The discipline of linguistics has a long-standing interest in researching language use in cities, because they bring together speakers of different languages from different backgrounds. Examples range from William Labov’s classic empirical research on the relation of social class and pronunciation of American English in New York City to modern theories of multilingualism in cities by Alastair Pennycook and Emi Otsuji. Regardless of the scope or focus, the consensus is that interactions between different languages and their speakers drive linguistic variation and change, whose effect is particularly strong in densely populated cities.

Within sociolinguistics, a subfield of linguistics broadly concerned with language in society, one emerging approach to the study of languages in cities concerns linguistic landscapes. The study of linguistic landscapes mainly focuses on the visibility and presence of languages in the built environment, performing qualitative analyses of languages in signs, advertisements, billboards and other media in built environments.

However, the physical spaces in which languages exist are being rapidly transformed due to technological development. These spaces increasingly extend into the digital realm due to the widespread use of positioning technology in smartphones and other mobile devices, which allow users to create and associate content with physical locations via geotagging. Social media platforms with geotagged content are a hallmark example of this development, which also offer new opportunities for linguistic research.
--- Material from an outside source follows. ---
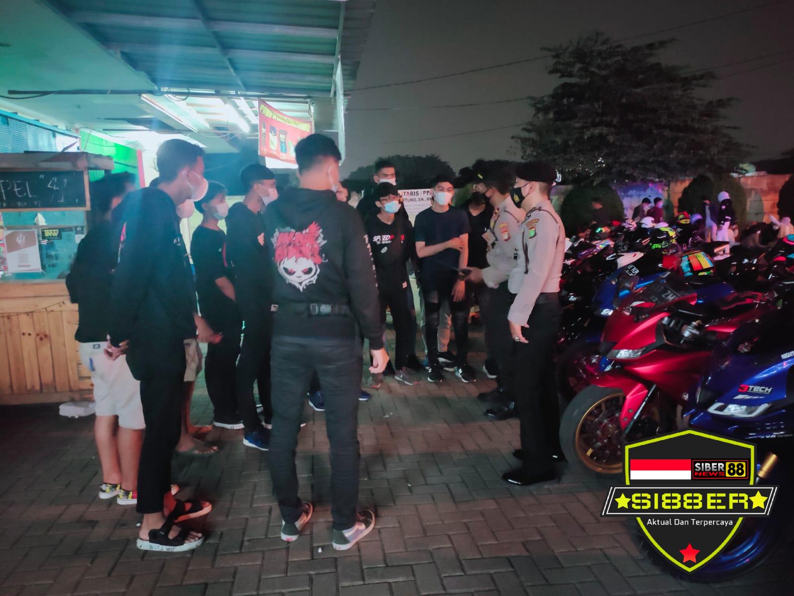 Petugas melakukan Himbauan agar pulang kepada warga yang sedang nongkrong dan bergerombol di Jalan Raya Mustikajaya dan di Jalan Raya Setu-Bantargebang untuk kembali pulang guna antisipasi tawuran.

In our new project, funded by a three-year project grant from the Emil Aaltonen Foundation, we will map the linguistic landscape of the Helsinki metropolitan area using register and social media data. Whereas the register data provides a static view into the linguistic landscape, social media data provides a dynamic view into how speakers of different languages move around the city and when. We tackle this combination of data using methods from geoinformatics and natural language processing, which is expected to provide a new, quantitative perspective on linguistic landscapes, and complements the previous qualitative approaches.

Our initial analyses of social media data show that the Helsinki metropolitan area is indeed multilingual.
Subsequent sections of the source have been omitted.